* Task data:
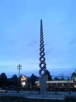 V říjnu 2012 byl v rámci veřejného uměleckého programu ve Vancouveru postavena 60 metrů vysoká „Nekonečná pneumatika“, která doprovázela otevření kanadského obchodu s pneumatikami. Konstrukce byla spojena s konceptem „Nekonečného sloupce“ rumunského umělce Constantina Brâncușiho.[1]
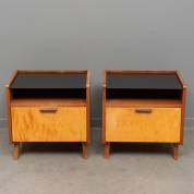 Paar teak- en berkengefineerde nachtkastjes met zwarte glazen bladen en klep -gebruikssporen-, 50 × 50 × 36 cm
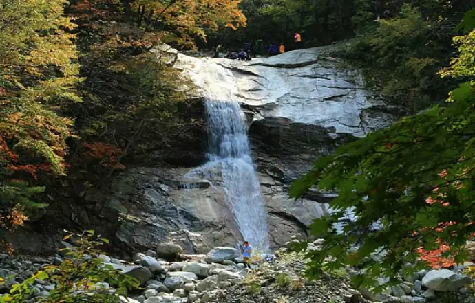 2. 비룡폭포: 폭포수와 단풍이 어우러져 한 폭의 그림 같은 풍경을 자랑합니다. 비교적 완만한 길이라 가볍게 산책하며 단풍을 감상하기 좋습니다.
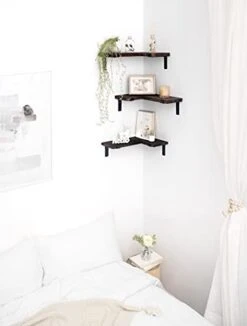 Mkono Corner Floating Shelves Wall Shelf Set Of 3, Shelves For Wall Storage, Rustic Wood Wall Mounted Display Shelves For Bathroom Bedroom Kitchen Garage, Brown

...

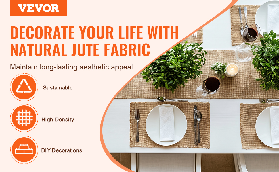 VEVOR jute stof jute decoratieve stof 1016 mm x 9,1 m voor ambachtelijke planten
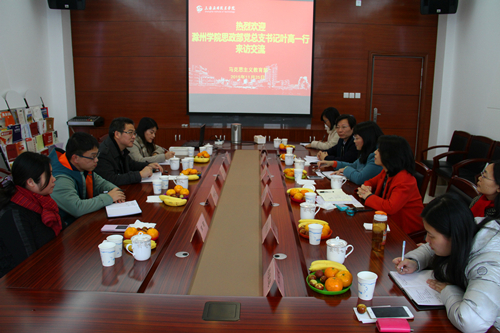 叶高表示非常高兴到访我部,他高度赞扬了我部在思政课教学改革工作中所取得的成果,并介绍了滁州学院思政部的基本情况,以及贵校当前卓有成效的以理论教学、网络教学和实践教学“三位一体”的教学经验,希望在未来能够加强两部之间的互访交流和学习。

* Exercise description: Print everything from the line with "Paar teak- en" down to the line with "Mkono Corner Floating" in the entries above, both lines included and nothing more, without the pictures.

* Task solution:
 Paar teak- en berkengefineerde nachtkastjes met zwarte glazen bladen en klep -gebruikssporen-, 50 × 50 × 36 cm
 2. 비룡폭포: 폭포수와 단풍이 어우러져 한 폭의 그림 같은 풍경을 자랑합니다. 비교적 완만한 길이라 가볍게 산책하며 단풍을 감상하기 좋습니다.
 Mkono Corner Floating Shelves Wall Shelf Set Of 3, Shelves For Wall Storage, Rustic Wood Wall Mounted Display Shelves For Bathroom Bedroom Kitchen Garage, Brown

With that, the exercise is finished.